# Exercise
Only the lines from the one containing "The 50th anniversary" through the end of the entries are to be copied, exactly and without pictures, please.

(Source data)
====
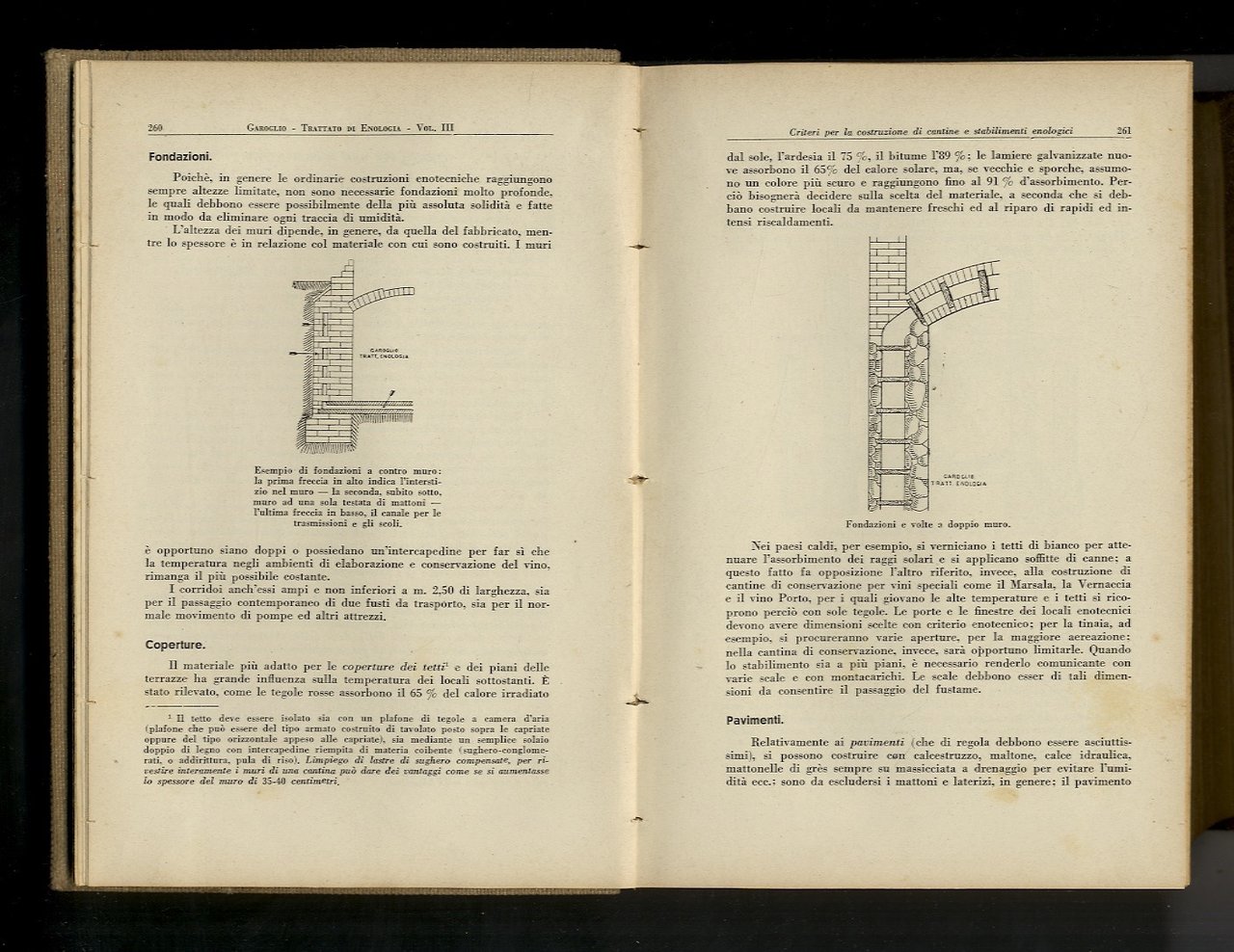 Firenze, "Il Progresso Vinicolo ed Oleario", 1943, in-8 grande, legatura editoriale in piena tela grezza, nome dell'autore e titolo sul piatto anteriore e sul dorso, pp. 15, [1], da 251 a 1614, [2]. Con illustrazioni n.t. Si tratta della ripubblicazione in volume a sé stante del terzo volume del "Trattato di Enologia", che esaurisce l'argomento vinificazione. Come affermato nell'introduzione si sono riutilizzati i cliché di quel volume per la pubblicazione singola di questo (ecco spiegato il perché la paginazione comincia da 250). Ottimo esemplare.
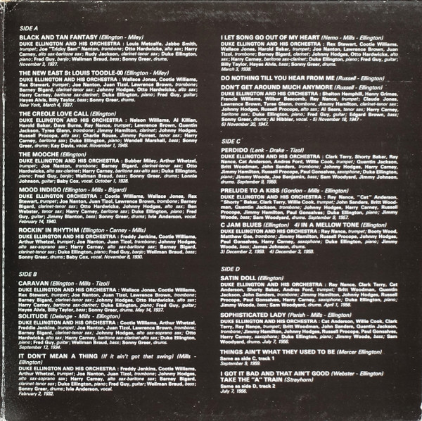 - Piano – Duke Ellington (tracks: A1 to B4, B6 to D4)
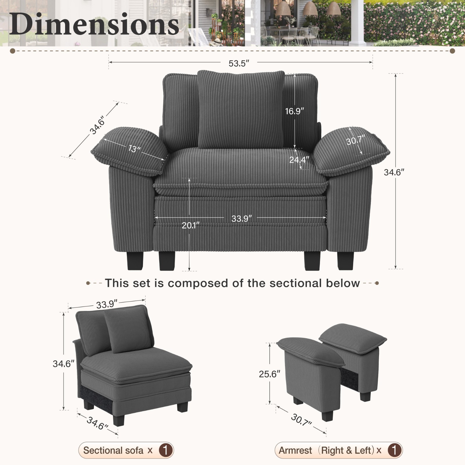 Modular Sectional Sofa U/L Shaped Corduroy Cloud Couch with Chaise and Cushion
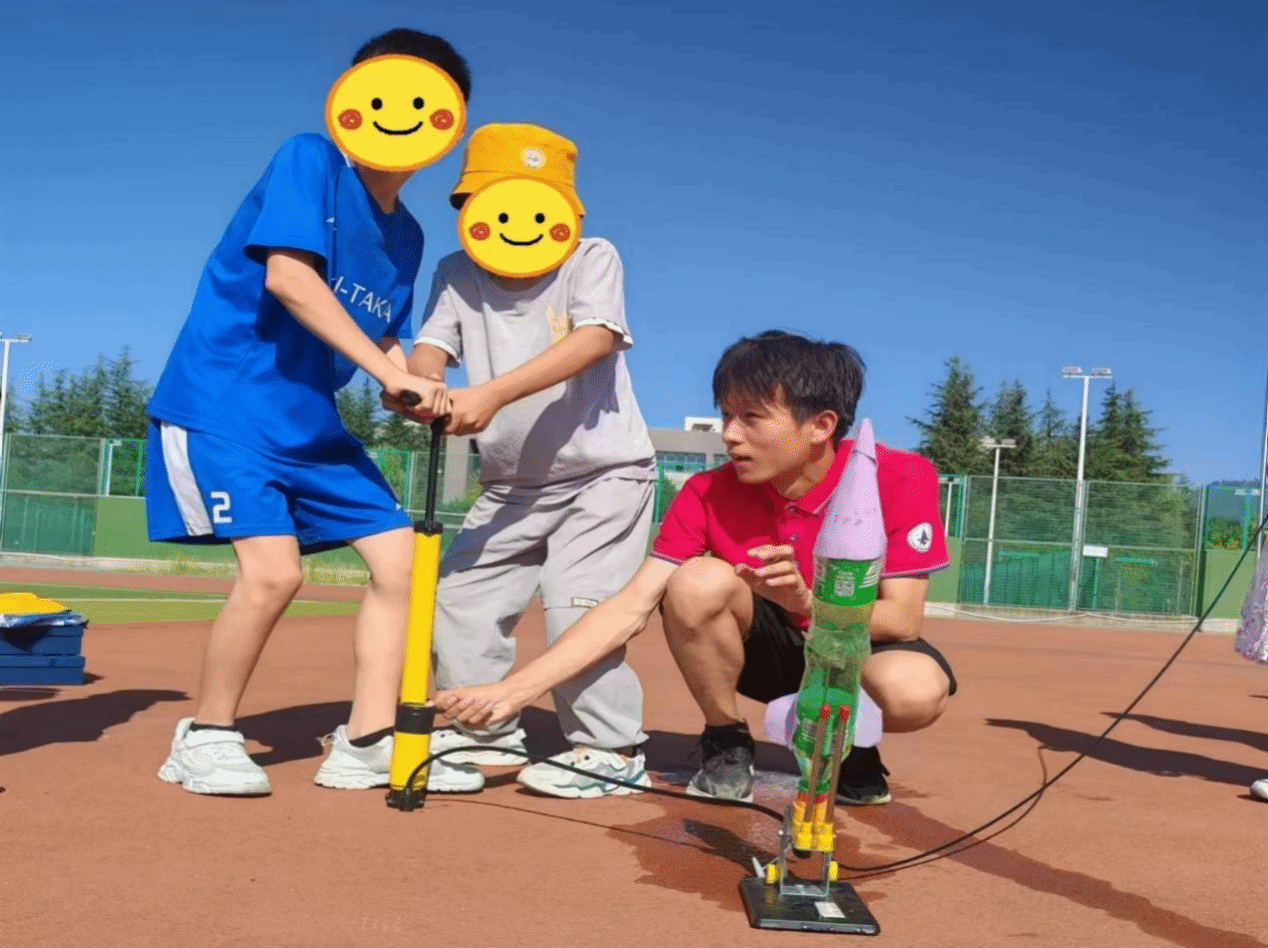 为了让孩子们更加直观地感受航天的魅力,活动还特别设置了动手实践环节。在实践队学生的指导下,孩子们亲手制作了水火箭,并在激动人心的时刻与志愿者们一同放飞。
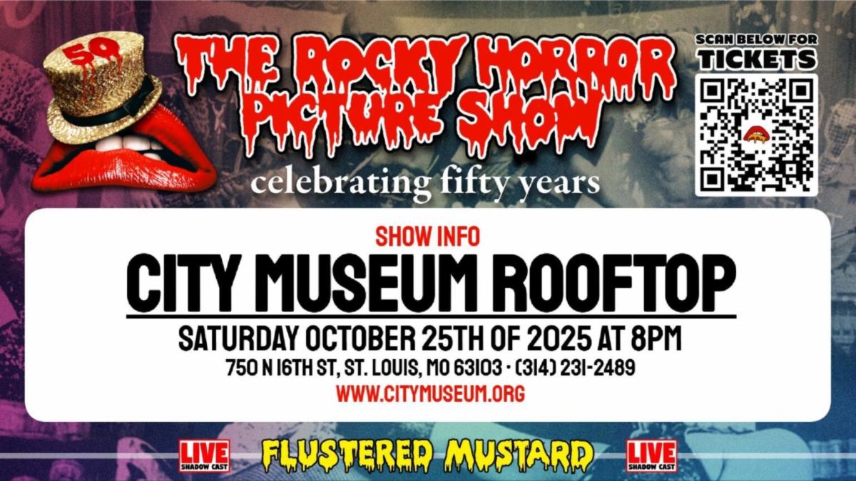 The 50th anniversary of The Rocky Horror Picture Show will be celebrated with a screening on the City Museum rooftop on October 25. Featuring a live shadowcast by Flustered Mustard, the ticket includes a prop bag to enhance the show. Dressing up is encouraged.
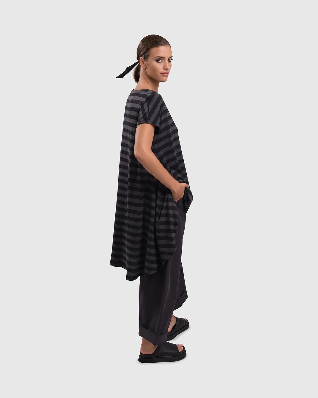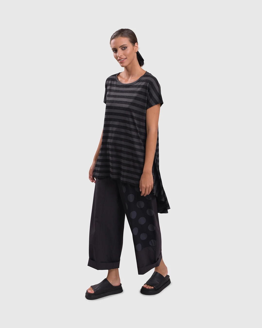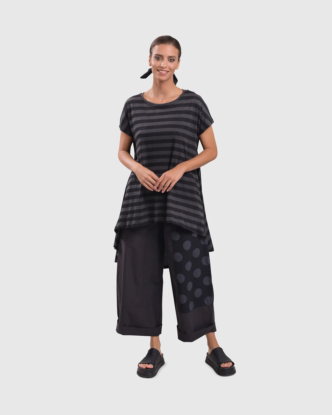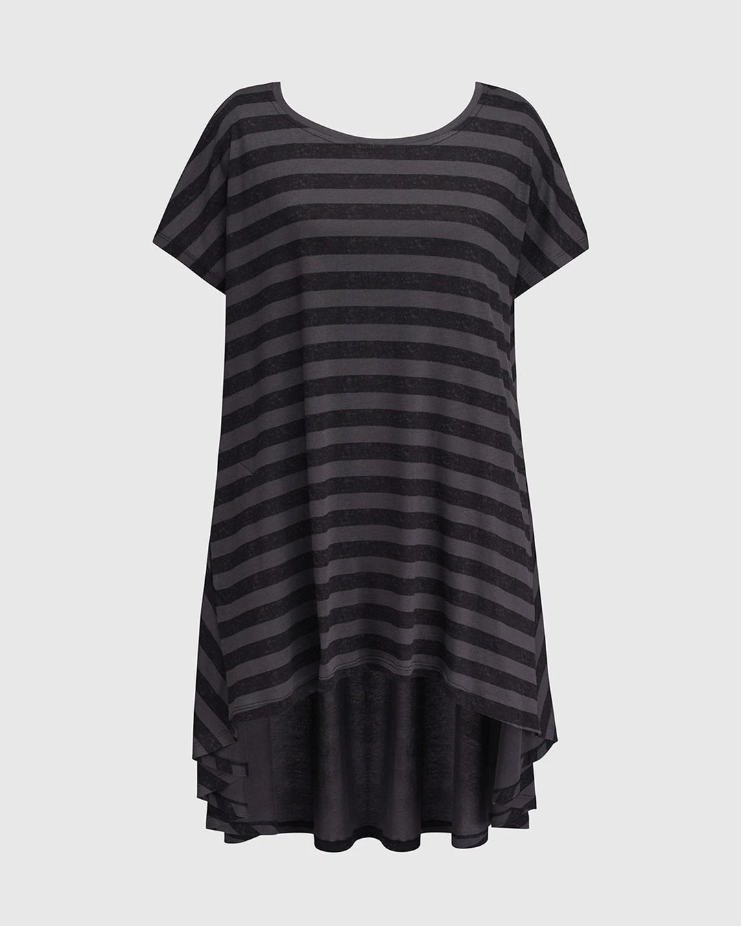 This easy tee has a full a-line body with dramatic high low hemline. Side seam pockets, a round neckline and short cap sleeves finish the details.
====
# Solution to this exercise
 The 50th anniversary of The Rocky Horror Picture Show will be celebrated with a screening on the City Museum rooftop on October 25. Featuring a live shadowcast by Flustered Mustard, the ticket includes a prop bag to enhance the show. Dressing up is encouraged.
 This easy tee has a full a-line body with dramatic high low hemline. Side seam pockets, a round neckline and short cap sleeves finish the details.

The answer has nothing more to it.